Bridget Walshe of the Canadian Centre for Cyber Security said the sensors consist of software installed on laptops, servers and in the cloud.
The tools check whether systems are up to date, identify vulnerabilities and scan for suspicious activity, with data sent to analysts in Ottawa. CSE shared 150 prevention and detection reports with territorial and provincial governments, Walshe said. Those reports represent five per cent of total sensor deployments.
Past incidents include a 2019 ransomware attack that crippled Nunavut government operations and a 2022 intrusion that cost the Northwest Territories more than $700,000 to contain. The City of Yellowknife took services offline for a week in 2025 after a ransomware threat, and a cloud software breach affected multiple Northwest Territories school boards last year.
Prime Minister Mark Carney announced more than $40 billion in northern investment in March, focused on military infrastructure and transportation routes.

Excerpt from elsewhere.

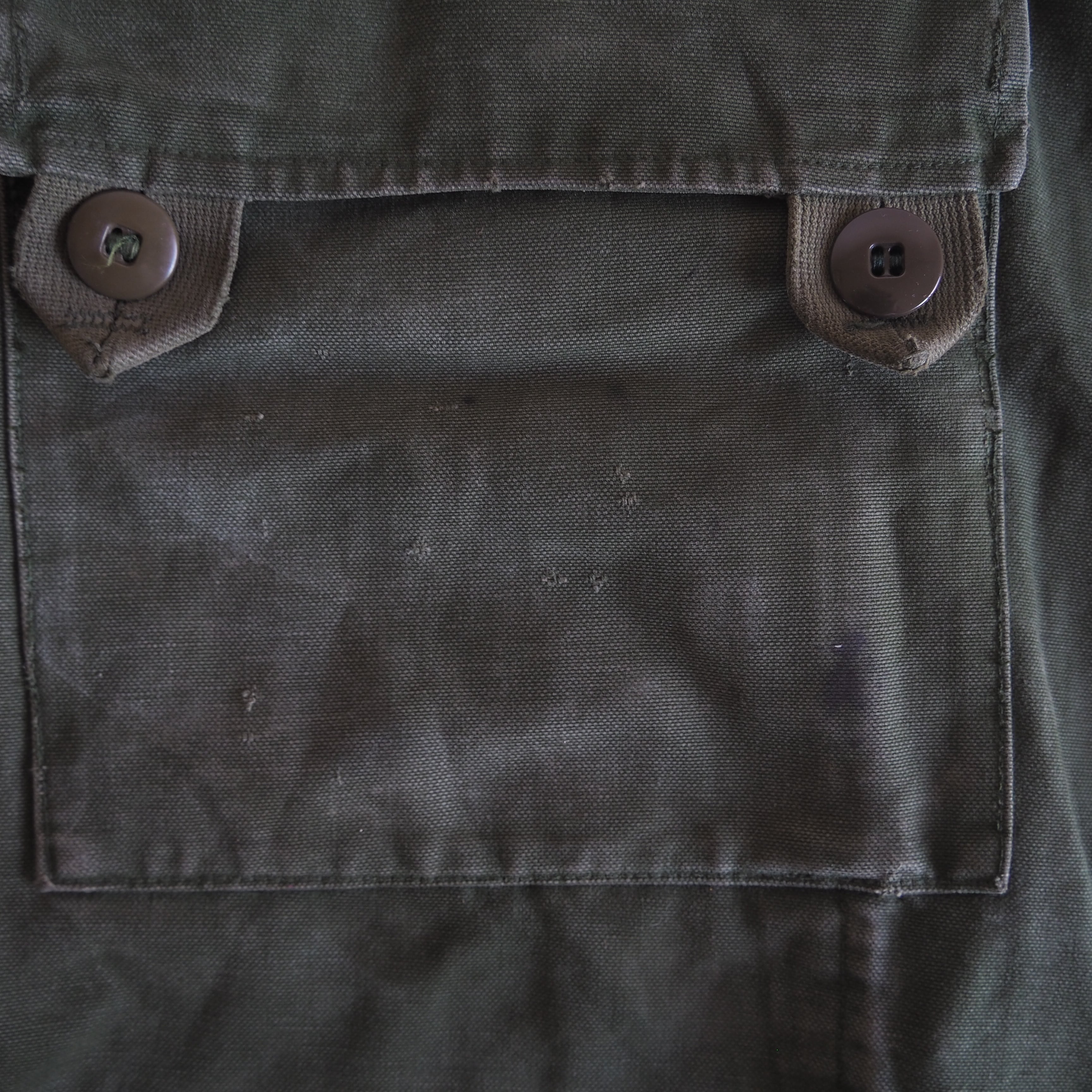 風の侵入を防ぐ為に左身頃が覆いかぶさる様に設計され、さらには内側もボタンで留めることが出来るダブルブレスト仕様。更に生地には厚手のコットンキャンバス地が採用されているため断熱性、保温性は申し分ございません。

Walshe said growing federal spending has increased interest from threat actors seeking to access and manipulate networks. Intelligence Commissioner Simon Noël highlighted improper sharing of information with international partners between 2020 and 2023 in which data on Canadians had not been removed.
More than a decade ago the British Columbia Civil Liberties Association filed a lawsuit challenging the constitutionality of CSE electronic surveillance operations.
Aislin Jackson, a lawyer with the civil liberties association, said metadata tracking of physical movements and communication patterns raises privacy concerns beyond content alone.